*** Opening of DATA SECTION ***

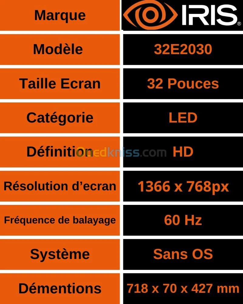 ✅Désignation : TV IRIS E2030 32″ POUCES – LED HD BASIC – FLICKER FREE – DOLBY AUDIO- 16:9 60HZ – HDMI / USB -BLACK
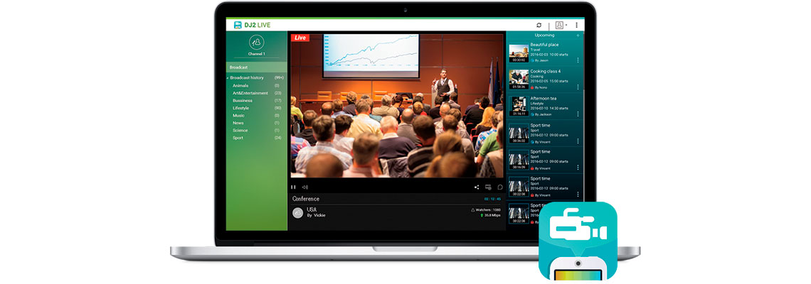 Usuários podem gravar vídeos a partir de computadores, aparelhos móveis ou webcams para transmissão no DJ2 Live com alta velocidade de conexão intranet, e armazenar os vídeos no TS-1685 de maneira segura e possui suporte para transmissão de vídeos via YouTube, Facebook além de transmissão ao vivo universal.
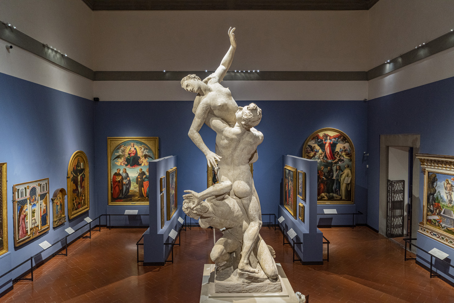 Nella Sala del Colosso, con al centro l’imponente “Ratto delle Sabine”, scultura in terra cruda del Giambologna, è possibile ammirare i capolavori della pittura fiorentina del Quattrocento e del primo Cinquecento. Sempre al piano terra troviamo la sezione dedicata al Duecento e al Trecento e il dipartimento degli Strumenti Musicali, un vero gioiello che raccoglie rari pezzi unici, di cui non tutti sono a conoscenza.

*** Close of DATA SECTION ***

§ **WHAT NEEDS TO BE DONE**
Please reproduce the data above word for word, skipping all images.

§ **EXERCISE SOLUTION**
 ✅Désignation : TV IRIS E2030 32″ POUCES – LED HD BASIC – FLICKER FREE – DOLBY AUDIO- 16:9 60HZ – HDMI / USB -BLACK
 Usuários podem gravar vídeos a partir de computadores, aparelhos móveis ou webcams para transmissão no DJ2 Live com alta velocidade de conexão intranet, e armazenar os vídeos no TS-1685 de maneira segura e possui suporte para transmissão de vídeos via YouTube, Facebook além de transmissão ao vivo universal.
 Nella Sala del Colosso, con al centro l’imponente “Ratto delle Sabine”, scultura in terra cruda del Giambologna, è possibile ammirare i capolavori della pittura fiorentina del Quattrocento e del primo Cinquecento. Sempre al piano terra troviamo la sezione dedicata al Duecento e al Trecento e il dipartimento degli Strumenti Musicali, un vero gioiello che raccoglie rari pezzi unici, di cui non tutti sono a conoscenza.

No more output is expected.